At the end of last year, we mentioned the first announcements of storage unit manufacturers targeting PCI Express 5.0. These products were presented at CES 2022 in Las Vegas a few days ago, but they are not expected to appear for a few more months, knowing that the platforms capable of using them can be counted on the fingers of one hand. At the moment, only Intel's Alder Lake architecture - launched last November - is capable of using PCI Express 5.0.

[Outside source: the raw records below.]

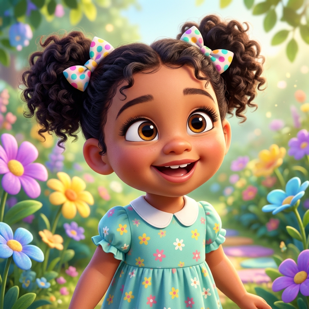 Strong rule: style --- Яркая и красочная 3D-анимация в стиле Pixar, с ... ---. Девочка 4 лет, кудрявые темные волосы, собранные в два хвостика. Большие выразительные карие глаза с длинными черными ресницами. Одета в милое платьице. Веселое и жизнерадостное выражение лица.
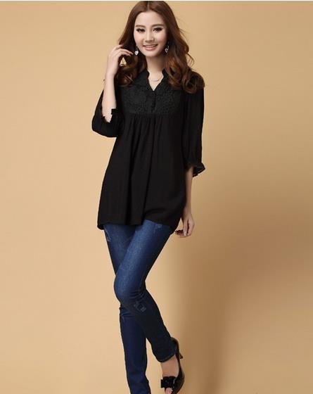 显瘦搭配技巧:大码打造,专为肥胖MM设计,加上流行的蕾丝元素,倍添时尚。下搭一条紧身牛仔裤+高跟凉鞋,既能拉长身形,又显出瘦身材。两全其美!
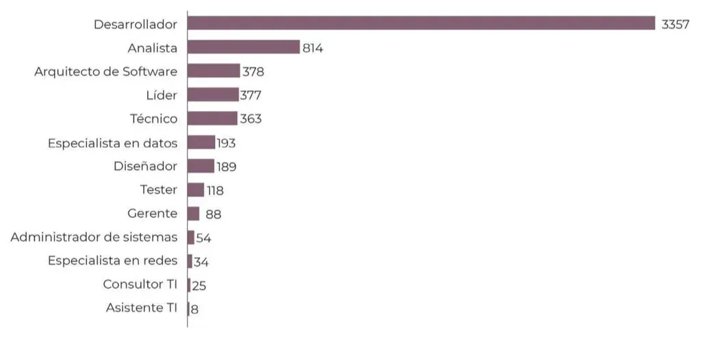 El perfil más demandando en el relevamiento es el de desarrollador, constituyendo más de la mitad de esta demanda (3.357 llamados). Lo siguen el de analista, conformando casi un 13% (814) de los llamados a cargos TI por parte de las empresas del sector y arquitecto de software (378) nucleando el 6% de esta demanda.
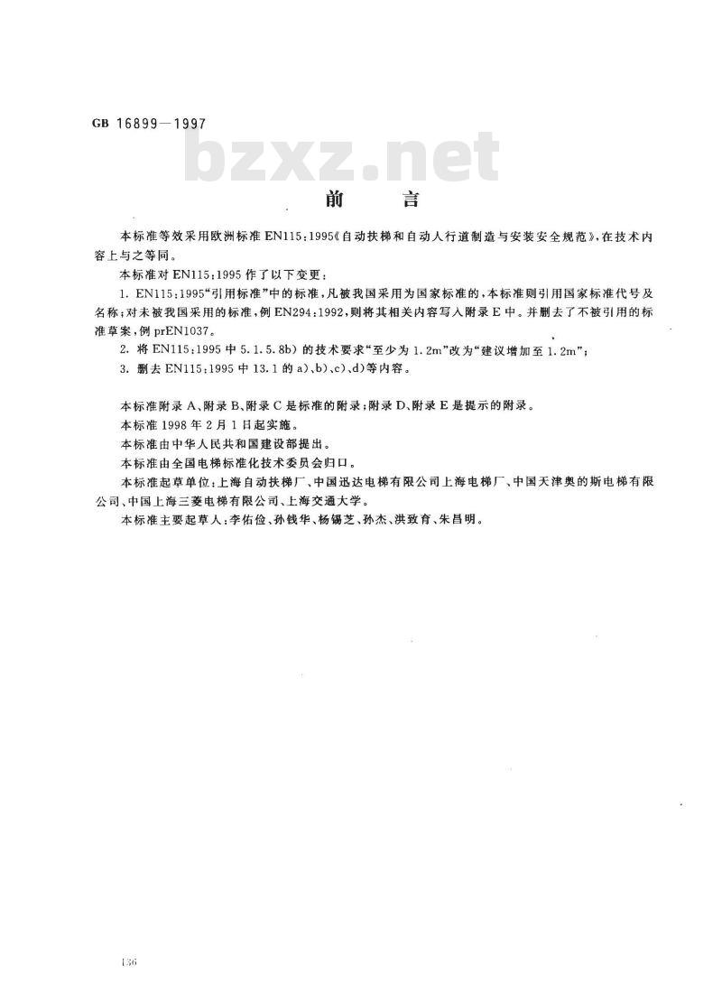 本标准由中华人民共和国建设部提出。本标准由全国电梯标准化技术委员会归口。本标准起草单位:上海自动扶梯厂,中国迅达电梯有限公司上海电梯厂、中国天津奥的斯电梯有限公司、中国上海三菱电梯有限公司、上海交通大学。本标准主要起草人:李佑俭、孙钱华、杨锡芝、孙杰、洪致育、朱昌明。136
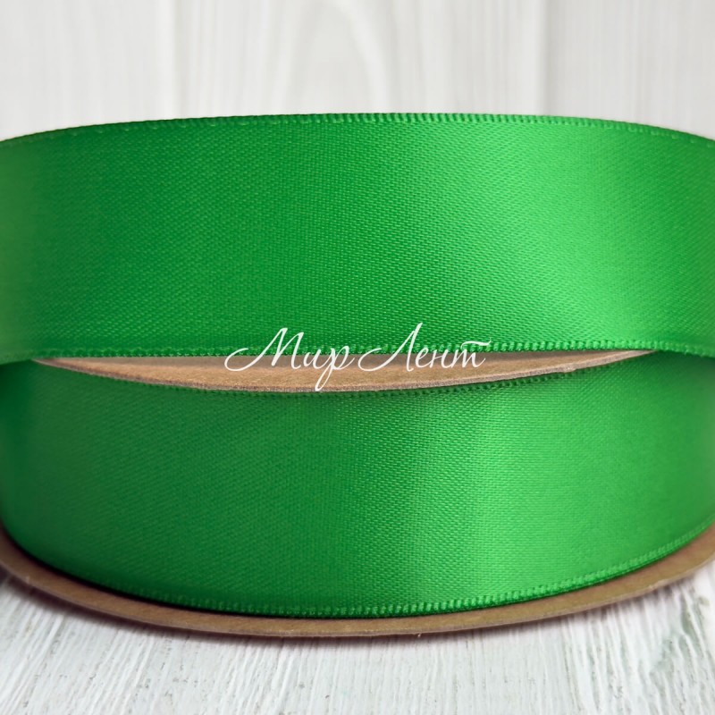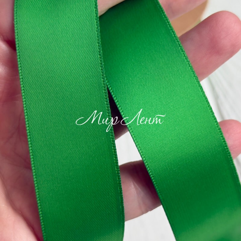 Двусторонняя атласная лента New (премиум), 2,5 см, зеленая, рулон 23 м

However, innovation continues and after several years of work, the PCI Special Interest Group (PCI-SIG) has just made official the specifications of the PCI Express 6.0 standard, which will logically take over the operations. According to AnandTech who relayed the information, the new standard is much more innovative than the two previous ones (PCIe 4.0 and PCIe 5.0). Although interesting in fact, these were only minor evolutions of a well-proven technology.

NRZ vs. PAM4 signaling

AnandTech explains that in order to achieve a further doubling of bandwidth, PCI Express 6.0 changes its signaling technique. Indeed, PCIe 4.0 and PCIe 5.0 remained on the previous technique of Non-Return-to-Zero (NRZ) signaling. This one only allows a signaling on two states, the classic high / low (or 0 / 1). In the case of PCIe 6.0, we move to Pusle-Amplitude Modulation 4 (PAM4) with a 4 that is not there by chance. It illustrates the signaling with four possible states: we move to a coding on two bits (00 / 01 / 10 / 11) and, in doing so, we double the amount of data transported while keeping the same frequency.

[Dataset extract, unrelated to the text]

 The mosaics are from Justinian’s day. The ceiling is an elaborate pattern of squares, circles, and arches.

The PCIe 6.0 standard is thus capable of reaching a bandwidth of 256 GB/s on an x16 interface, whereas PCIe 5.0 had to "make do" with 128 GB/s on the same interface. A performance that already marked a doubling compared to PCIe 4.0 and it is more or less the leitmotiv of PCI-SIG: doubling the bandwidth with each new standard. Such a bandwidth will allow graphics cards and storage units to evolve significantly, but also and above all to make these two very greedy solutions cohabit without saturating the lines. However, the first compatible products should not arrive before at least two years.